On the face of it, the system of financial regulation in the UK has now radically changed, following George Osborne’s first Mansion House speech as chancellor. Osborne, who will certainly have enjoyed dusting down his old-Etonian uniform of white-tie and tails to address the City’s elites, is to abolish the tripartite system of regulation set-up in 1997 by Gordon Brown, and with it, the Financial Services Authority (FSA). He has done this even though the Liberal Democrats were opposed to the FSA’s abolition.
But aside, from the headlines, what has Osborne actually done, what will change, and will it make any difference to the quality of financial regulation?
Firstly, the big winner in title and prestige is Mervyn King, governor of the bank of England. The bank has been given the role previously held by the FSA, known as macro-prudential supervision, to go along with its existing control over interest rates. This means that governor King will be responsible for monitoring whether the actions of the City, or any individual financial institution, posed a systemic risk to the UK economy.

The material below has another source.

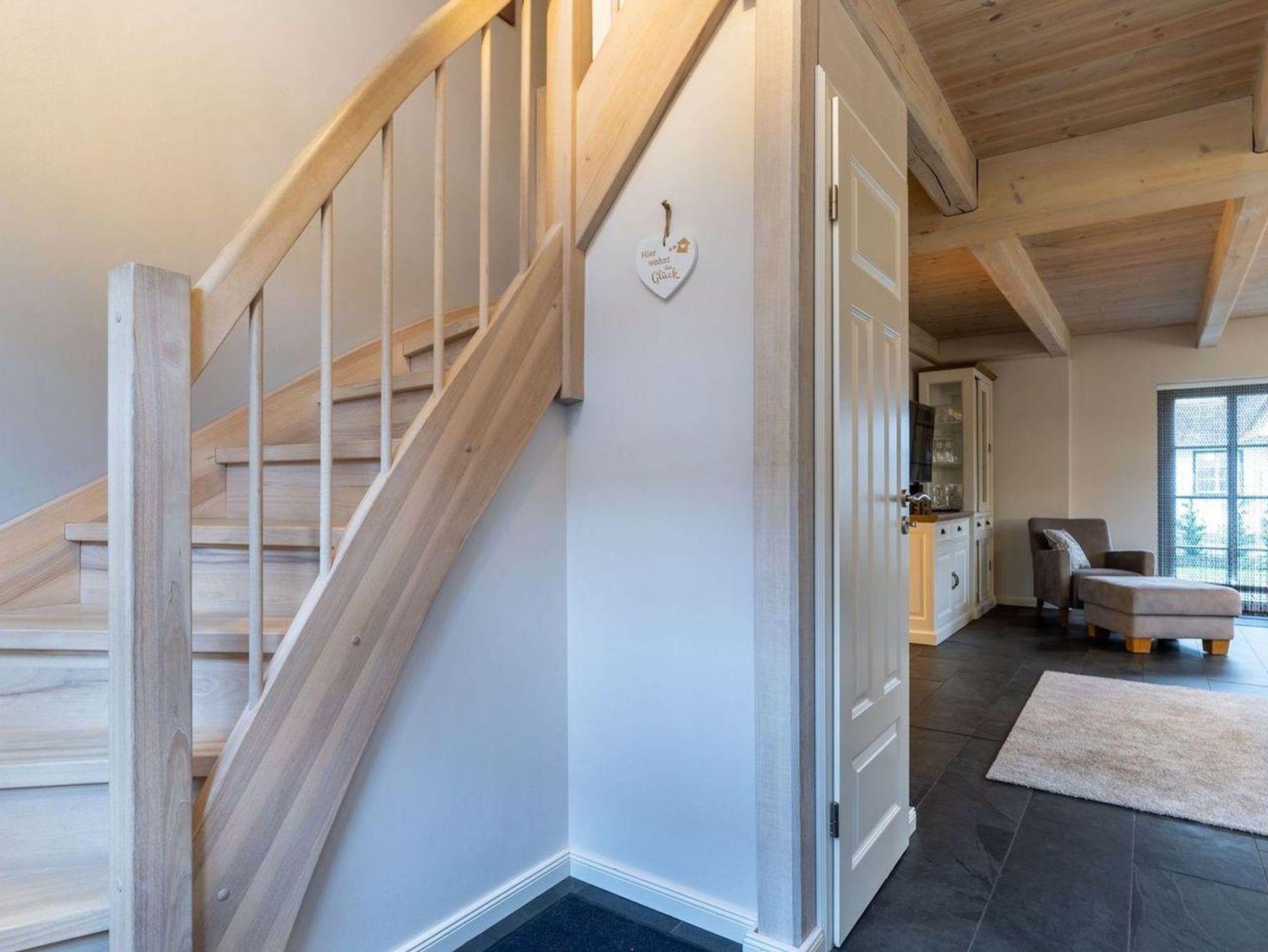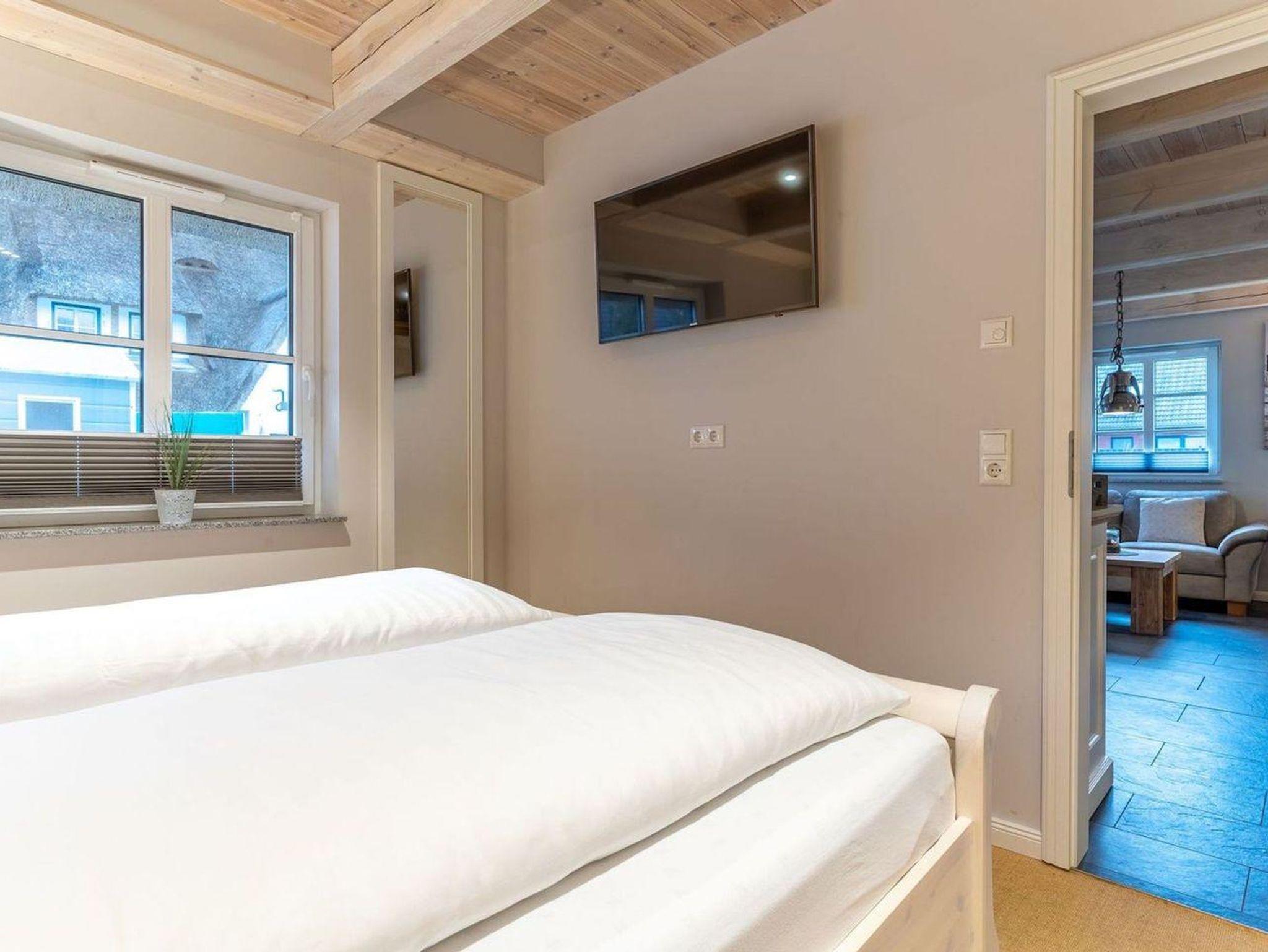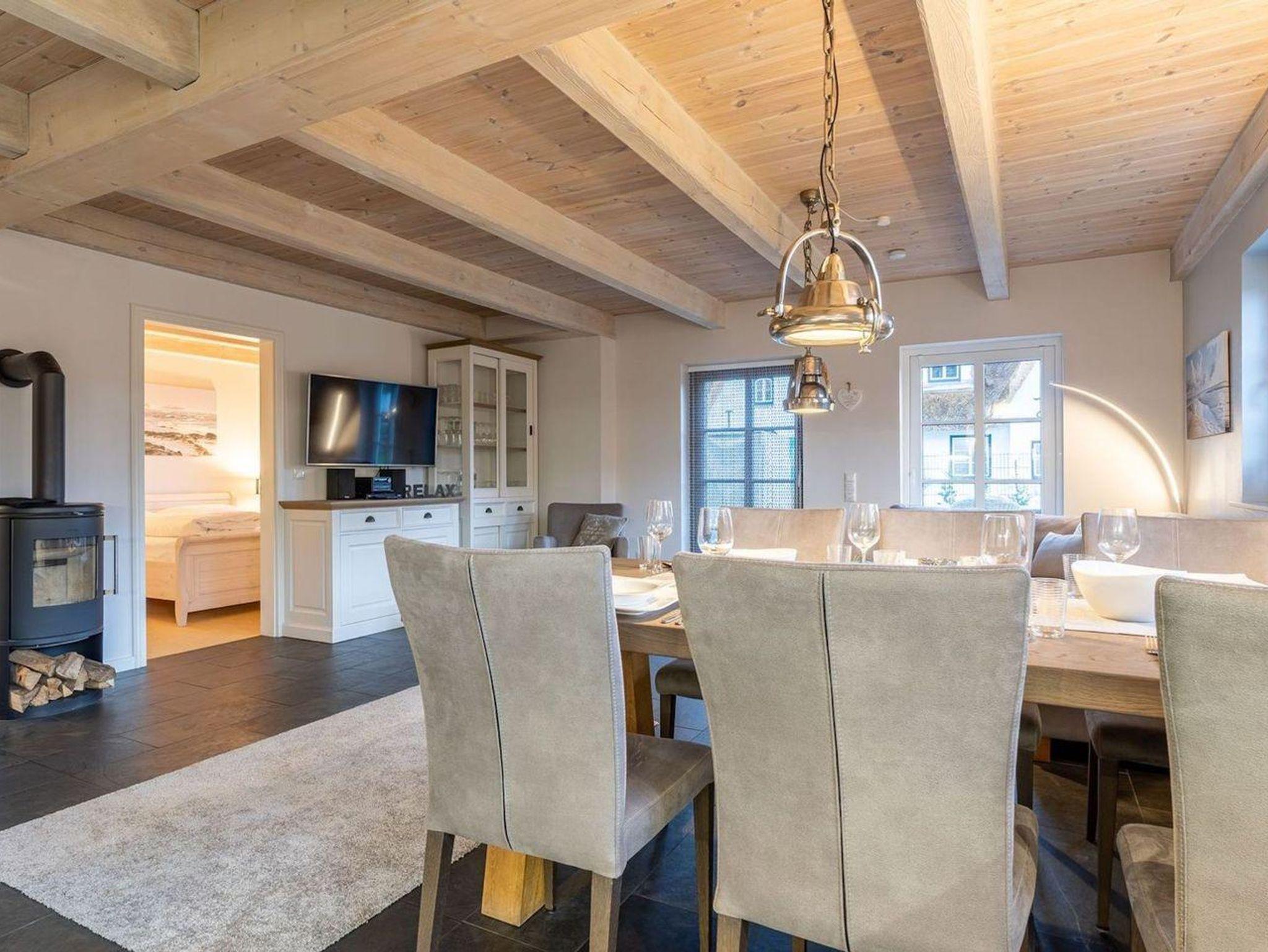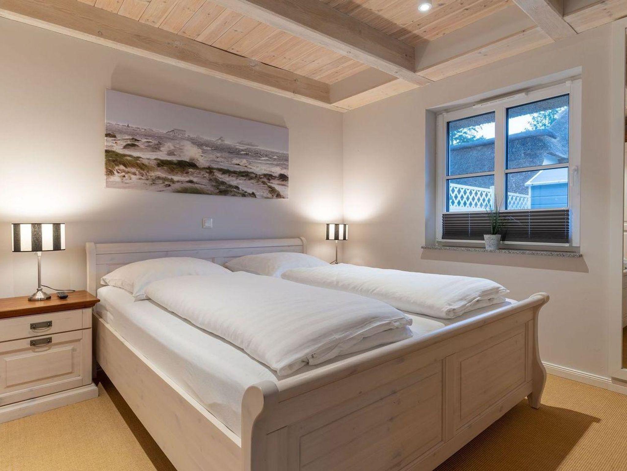 Die wunderschöne Haushälfte unter Reet verfügt über ca. 130 m² und bietet Platz für 1-6 Personen.Im Erdgeschoss befindet sich der lichtdurchflutete Wohnraum mit TV, Kamin, einer offenen Küche sowie einem stilvollen Essbereich.Die Küche ist ausgestattet mit Backofen und Geschirrspüler, sowie einem Esperto-Caffè-Automat, Toaster, Wasserkocher und den üblichen Küchenutensilien.An den Wohnbereich schließen sich ein Flur, ein Duschbad und ein Doppelschlafzimmer an.Das Erdgeschoss ist rollstuhlfreundlich.Über eine Holztreppe gelangt man in das Obergeschoss. Die beiden Schlafzimmer, jeweils mit einem Doppelbett sorgen für ruhevolle Erholung.Im ersten Stock befindet sich ausserdem ein weiteres Duschbad sowie eine Sauna.

King has now become the most powerful governor in living memory. Guardian economic pundit Nils Pratley has cleverly described King as now being “too big to fail”. But this is precisely the charge that has led to Vince Cable’s new Vickers commission being established to examine whether to break up the big banks.
Osborne also announced that the government will create a “powerful new consumer protection and markets authority” to regulate every financial services firm. It sounds good, but just because something is set up doesn’t mean it will do succeed, especially if it is created by a chancellor ideologically wedded to light-touch regulation. Moreover, it would also duplicate new financial infrastructures that are close to being established at EU level such as the European systemic risk board and the new European authorities on banking, pensions and securities and markets. What is the point of creating something that will already exist?
Moreover, while the FSA will disappear, the personnel won’t. While King will chair the new financial policy committee at the Bank, the day-to-day running of it will be done by Hector Sants, the current chief executive of – you’ve guessed it – the FSA! Meanwhile, the chairman of the FSA, Adair Turner, is considered a possible successor to King when his term as governor ends in 2013. You’ve only got to listen to Turner’s response to Osborne’s speech to know that he doesn’t think much has changed: “the FSA now has the clarity of direction and timescale as well as the leadership we need to meet the challenges ahead”. Doesn’t sound like the words of a man who’s just lost his job does it?
Osborne is right to say that Britain’s system of financial regulation “failed spectacularly” during the economic crisis. But the Bank has its critics too – that it did not cut interest rates quickly enough when the crisis was brewing, and that its monetary policy committee did nothing to prick the property asset bubble when it was booming in the years leading up to the crisis.
Osborne’s Mansion House speech also said that banks should pay a levy as a consequence of the huge bail-outs many have received during the crisis. The figures expected to be raised by the levy range from £1 billion to £5 billion – we won’t have a real idea until next week’s ’emergency budget’, but expect the figure to be at the low end of the scale. Again, this raises several questions. Will it be a one-off levy, and what safeguards will there be to ensure that banks don’t just cover the extra cost by charging their customers on the high-street more? Meanwhile, since the coalition clearly does not support it, Labour should continue to campaign for an international financial transaction tax that would rake in multi-billion revenues every year – far more than a bank levy.
In other words, Osborne’s proposals might sound radical, but amount to little more than re-arranging the chairs and re-naming the offices. Institutional adjustment is all well and good, but the mind-set of financial governance and markets has to change if anything to be different in the future. The tripartite system – the bank, treasury and the FSA – all bought the idea that light-touch regulation worked best. It didn’t and it doesn’t. If this mindset doesn’t change, don’t expect the new framework to change anything.
It may have been white-tie and tails but it certainly wasn’t old Etonian. Schoolboy error.